=== STORED DATA ===
────

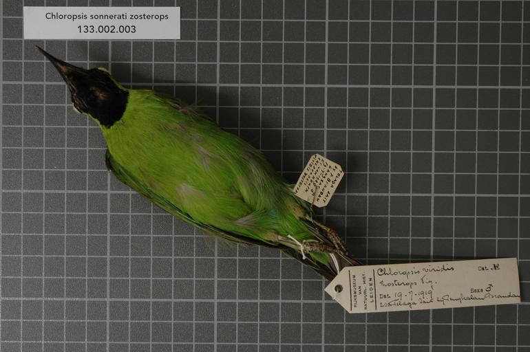 Keywords: Naturalis Biodiversity Center - RMNH.AVES.127008 1 - Chloropsis sonnerati zosterops Vigors & Horsfield, 1830 - Irenidae - bird skin specimen.jpeg artwork Dimensions artwork Document type Irenidae Chloropsis Individual count 1 Infraspecific epithet zosterops Infraspecific rank Kind of unit artwork Kind of unit specimen skin Life stage Langkat Telaga Sait bij Pengkalan Brandan Medium artwork Nomenclatural code Locality remark On RMNH label Pengkalan Brandan Should probably be Pangkalanbrandan Occurrence ID Other fields Other versions artwork Permission license Naturalis donation CC-0 Publication location Scientific name Chloropsis sonnerati zosterops Vigors Horsfield 1830 Scientific name authorship Vigors Horsfield 1830 male Source url Specific epithet sonnerati State or province Langkat Subject keywords artwork Subject keywords publication Title artwork Title publication Type status Uploaded with GWToolset Naturalis_Biodiversity_Center_-_RMNH AVES 127008_1_-_Chloropsis_sonnerati_zosterops_Vigors_ _Horsfield _1830_-_Irenidae_-_bird_skin_specimen http //medialib naturalis nl/file/id/RMNH AVES 127008_1/format/large Media donated by Naturalis Biodiversity Center Songbird specimens at Naturalis Biodiversity Center Chloropsis sonnerati Chloropsis |
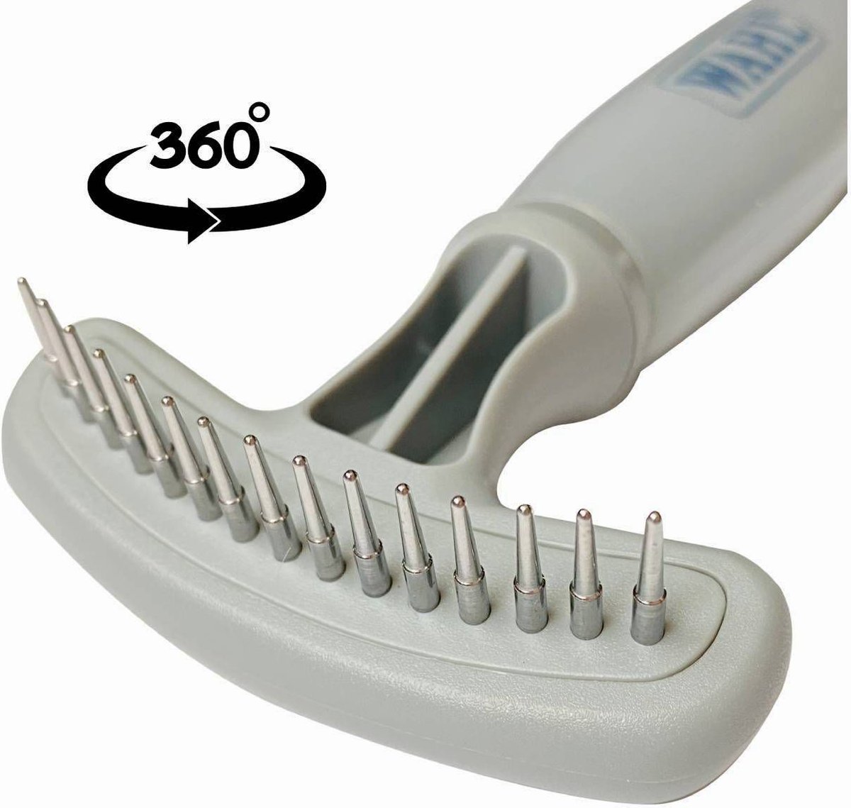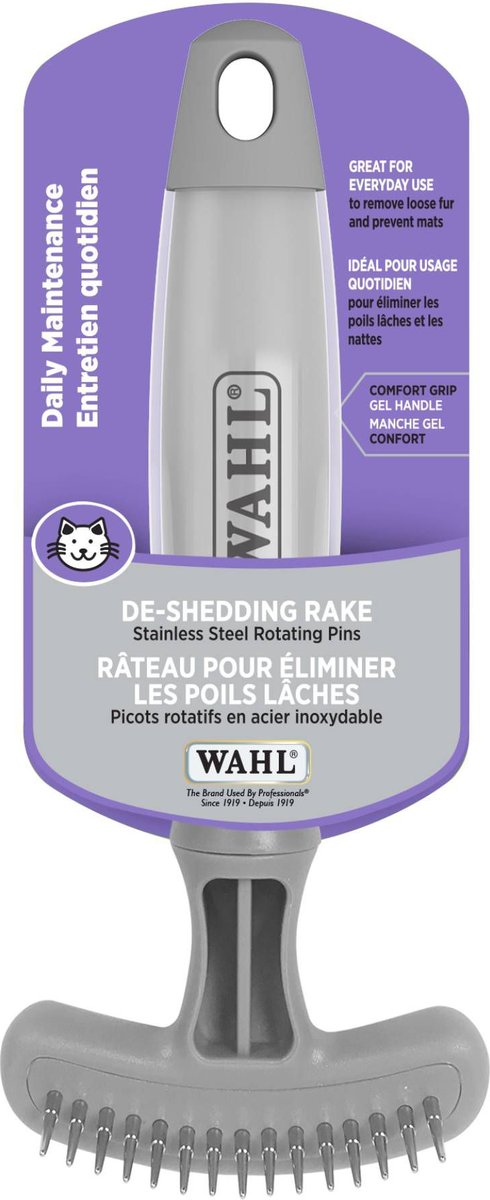 Features round tip pins that easily remove loose fur.
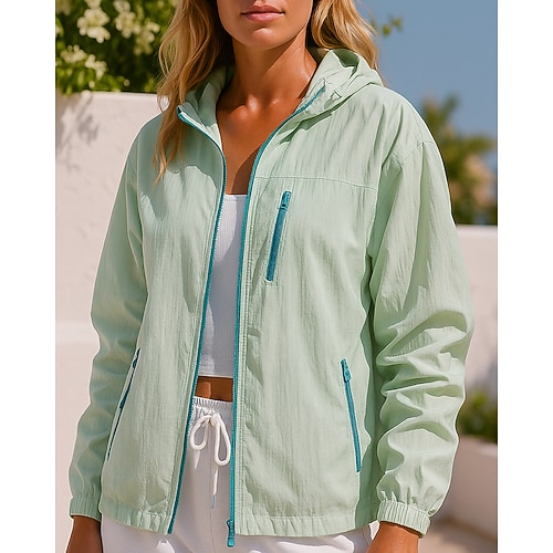 Per donna Giacca con cappuccio Giacca sportiva Con zip Tasca Manica Lunga Top Athleisure Autunno Tinta unita Protezione Solare Leggero All'aperto Viaggio Sportivo abbigliamento sportivo Abbigliamento

────

The whole listing must be restated word for word. Leave out any pictures.

=== RESULT BELOW ===
 Keywords: Naturalis Biodiversity Center - RMNH.AVES.127008 1 - Chloropsis sonnerati zosterops Vigors & Horsfield, 1830 - Irenidae - bird skin specimen.jpeg artwork Dimensions artwork Document type Irenidae Chloropsis Individual count 1 Infraspecific epithet zosterops Infraspecific rank Kind of unit artwork Kind of unit specimen skin Life stage Langkat Telaga Sait bij Pengkalan Brandan Medium artwork Nomenclatural code Locality remark On RMNH label Pengkalan Brandan Should probably be Pangkalanbrandan Occurrence ID Other fields Other versions artwork Permission license Naturalis donation CC-0 Publication location Scientific name Chloropsis sonnerati zosterops Vigors Horsfield 1830 Scientific name authorship Vigors Horsfield 1830 male Source url Specific epithet sonnerati State or province Langkat Subject keywords artwork Subject keywords publication Title artwork Title publication Type status Uploaded with GWToolset Naturalis_Biodiversity_Center_-_RMNH AVES 127008_1_-_Chloropsis_sonnerati_zosterops_Vigors_ _Horsfield _1830_-_Irenidae_-_bird_skin_specimen http //medialib naturalis nl/file/id/RMNH AVES 127008_1/format/large Media donated by Naturalis Biodiversity Center Songbird specimens at Naturalis Biodiversity Center Chloropsis sonnerati Chloropsis |
 Features round tip pins that easily remove loose fur.
 Per donna Giacca con cappuccio Giacca sportiva Con zip Tasca Manica Lunga Top Athleisure Autunno Tinta unita Protezione Solare Leggero All'aperto Viaggio Sportivo abbigliamento sportivo Abbigliamento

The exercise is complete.